Define the rules governing output directories, filename sanitization, temporary storage, and run suffix semantics to guarantee deterministic, safe, and resumable filesystem interactions.

Problem Statement

Without consistent naming and directory policies, transcript archives become hard to diff, risk clobbering existing data, and may interact poorly with user environments.

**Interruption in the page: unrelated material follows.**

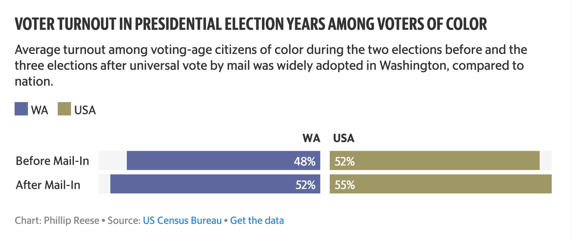 Washington’s voting-eligible residents of color have also been increasing their participation in elections since vote by mail went into full effect, according to Census Bureau data.
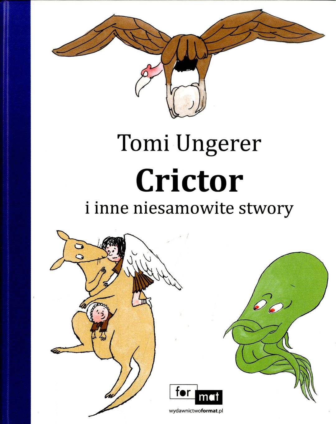 Zbiór opowiadań, które powstały w latach 60-tych. Autor poświęcił całą swą uwagę zwierzętom, których nikt wcześniej nie zauważył, a już na pewno nigdy nie umieścił w książkach dla dzieci. Wąż Crictor jest nie tylko pupilem swojej pani, ale także skutecznym poskramiaczem dzikich włamywaczy. Skrzydlata kangurzyca Adelajda wygląda jak modelka, ale bywa też śmiałym strażakiem. Ośmiornica Emil odnosi sukcesy nie tylko na scenie muzycznej, ale i na polu walki z przemytnikami. Kolorowy nietoperz Rufus uczy się czerpać radość z życia aż do Opowiadania powstały w latach 60., zaraz po bestsellerowych Przygodach rodziny Mellopsów. Tym razem Ungerer poświęcił całą swą uwagę zwierzętom, których nikt wcześniej nie zauważył, a już na pewno nigdy nie umieścił w książkach dla dzieci. Wąż Crictor jest nie tylko pupilem swojej pani, ale także skutecznym poskramiaczem dzikich włamywaczy. Skrzydlata kangurzyca Adelajda wygląda jak modelka, ale bywa też śmiałym strażakiem. Ośmiornica Emil odnosi sukcesy nie tylko na scenie muzycznej, ale i na polu walki z przemytnikami. Kolorowy nietoperz Rufus uczy się czerpać radość z życia aż do zawrotu głowy. I wreszcie sęp Orlando - ten nie dość, że z powodzeniem pełni funkcję gołębia pocztowego, to jeszcze potrafi przywracać szczęście w rodzinie. [www.empik.com]

The system requires cross-platform-safe filenames, predictable run folders, and cleanup of temporary artifacts.

Constraints & Assumptions

  • Target environments include macOS, Linux, and Windows; filenames must avoid reserved characters.
  • Users may override output directories, but we encourage safe locations (home directory, platform data/cache roots).
  • Whisper fallback stores intermediate media files that must be cleaned up to conserve disk.

Design & Implementation

  1. Base output directory
  2. Default: output/rss_<sanitized_host>_<hash> where hash is first 8 chars of SHA-1 of the RSS URL.
  3. filesystem.derive_output_dir handles overrides, invoking validation.
  4. Validation
  5. filesystem.validate_and_normalize_output_dir resolves paths, verifies they fall under safe roots (cwd, home, platform dirs), and warns otherwise.
  6. Run suffixes
  7. filesystem.setup_output_directory derives optional run_suffix based on cfg.run_id or Whisper usage.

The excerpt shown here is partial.